I need to fit X to the measurements

Solution

  • Here are sample measured X values:

    # data
m.time = [0,0.1,0.2,0.3,0.4,0.5,0.8,0.85,0.9,0.95,1]
x_meas = [1.1,1.2,1.56,1.77,1.89,2.1,2.3,2.5,2.7,2.2,2.1]

    Gekko adjusts the parameters a, b, and c.

    # parameters, single value over time horizon
p = m.Array(m.FV,3,lb=0.5,ub=10); a,b,c = p
# turn STATUS On for adjustment by solver
for fv in p:
   fv.STATUS=1

    The value of X is calculated with differential equations for S and R and an algebraic equation with X=S+R.

    # variables
S,R,X = m.Array(m.Var,3,lb=0)
# change initial conditions
S0,R0 = [0.35,0.65]; X0 = S0+R0
S.value=S0; R.value=R0; X.value=X0

# equations
m.Equations([S.dt()==(a-b)*S,
             R.dt()==(a-b-c)*R,
             X==S+R])

    The squared error between the measured X values and the predicted X value is minimized.

    # minimize difference to measurements
m.Minimize((X-Xm)**2)

    A few configuration parameters are needed to run in dynamic estimation mode (IMODE=5) and with 3 collocation nodes per time step (NODES=3).

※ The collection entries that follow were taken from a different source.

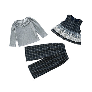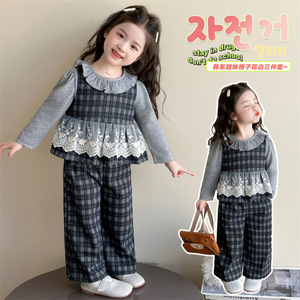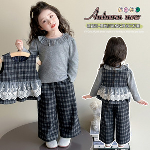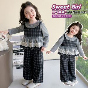 女童套装春秋款2025新款小女孩蕾丝花边马甲儿童宝宝秋装三件套潮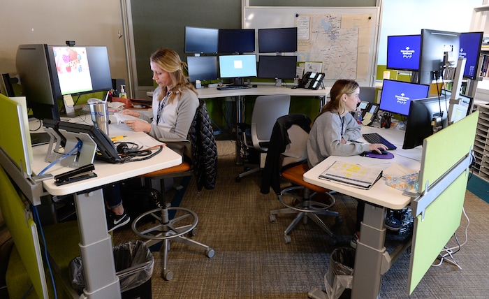 (Francisco Kjolseth | The Salt Lake Tribune) Nurse Jenny Williams, left, and Doctor Rachel Parbhu, connect doctors and patients remotely from the Telecritical Care Center in Midvale. Intermountain Healthcare announced the launch of "one of the nation's largest virtual hospital services." It will involve 500 caregivers, offering telehealth services on everything from basic care to stroke evaluation and newborn critical care. The Virtual Hospital Services Testing Laboratory showcased several medical services on Wednesday, Feb. 28, 2018,.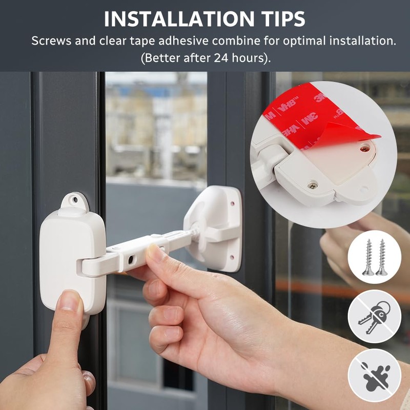 - Non-destructive installation: this window lock is easy to install, no drilling or tools required, built-in 3M VHB secondary adhesive can be easily installed, strong adhesion (better effect after 24 hours), temperature resistance range is -30°C to 90°C. In addition, our window locks have holes at both ends, which can also be mounted with screws, making them stable and high quality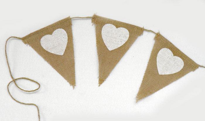 Βάπτιση και Γάμος | Σημαιάκια Λινάτσα καρδιά (0517797)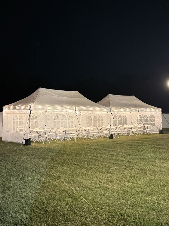 ✔️ (2) 10x20 White Pop-Up Tents (combined for 10x40 coverage)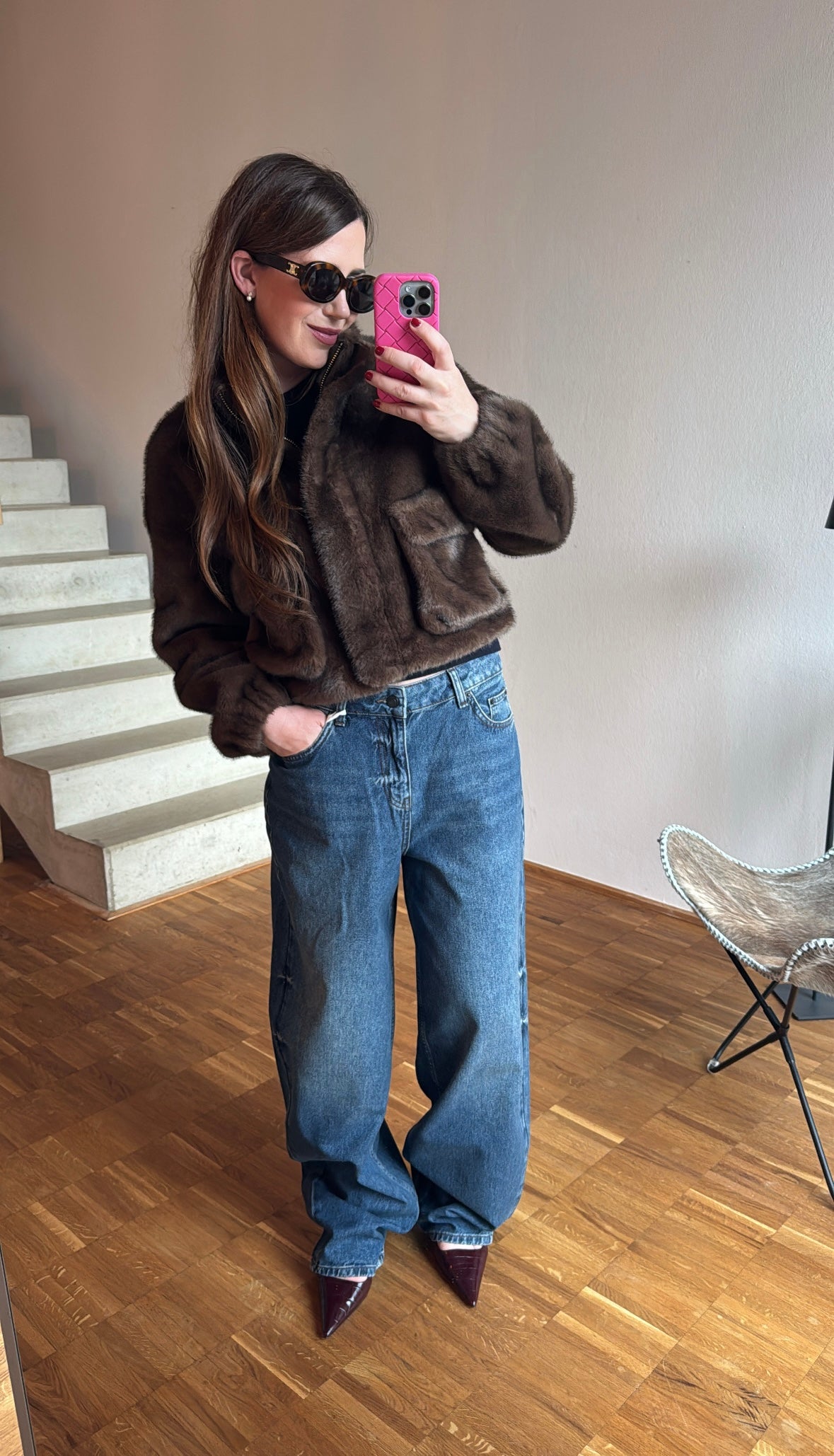 Diese verkürzte Fake-Fur Jacke in edlem Schokobraun überzeugt mit ihrem weichen Kunstfell und dem modernen, leicht verkürzten Schnitt. Die praktischen aufgesetzten Taschen und der sichere Reißverschluss sorgen für Komfort und Funktionalität. Aus 100 % Polyester gefertigt, bietet die Jacke ein warmes, zugleich stilvolles Tragegefühl – perfekt für kühle Tage. Das Modell trägt Größe S bei 164 cm und unterstreicht die elegante Passform. Ein vielseitiges Highlight für Ihre Garderobe, das edlen Look mit angenehmer Wärme verbindet.

    m.options.IMODE = 5   # dynamic estimation
m.options.NODES = 3   # collocation nodes
m.solve(disp=False)   # display solver output

    This produces an optimized solution that minimizes the squared error, but is not unique because a and b are co-linear parameters. The solver can increase a and b and get the same answer.

    fit data

    Here is the complete script:

    from gekko import GEKKO
m = GEKKO(remote=False)

# data
m.time = [0,0.1,0.2,0.3,0.4,0.5,0.8,0.85,0.9,0.95,1]
x_meas = [1.1,1.2,1.56,1.77,1.89,2.1,2.3,2.5,2.7,2.2,2.1]

# parameters, single value over time horizon
p = m.Array(m.FV,3,lb=0.5,ub=10); a,b,c = p
# turn STATUS On for adjustment by solver
for fv in p:
   fv.STATUS=1
   
# variables
S,R,X = m.Array(m.Var,3,lb=0)
# change initial conditions
S0,R0 = [0.35,0.65]; X0 = S0+R0
S.value=S0; R.value=R0; X.value=X0 

# measured values
Xm = m.Param(x_meas)

# equations
m.Equations([S.dt()==(a-b)*S,
             R.dt()==(a-b-c)*R,
             X==S+R])

# minimize difference to measurements
m.Minimize((X-Xm)**2)

m.options.IMODE = 5   # dynamic estimation
m.options.NODES = 3   # collocation nodes
m.solve(disp=False)   # display solver output

print(f'a: {a.value[0]}, b: {b.value[0]}, c: {c.value[0]}')

import matplotlib.pyplot as plt
plt.figure(figsize=(7,3))
plt.plot(m.time,S.value,'b:',linewidth=3,label='S')
plt.plot(m.time,R.value,'r--',linewidth=2,label='R')
plt.plot(m.time,X.value,'k--',label='X')
plt.plot(m.time,Xm.value,'kx',label='Xm')
plt.legend(); plt.grid(); plt.xlabel('Time')
plt.tight_layout()
plt.savefig('fit.png',dpi=300)
plt.show()

    Additional example problems are available from the Dynamic Optimization course.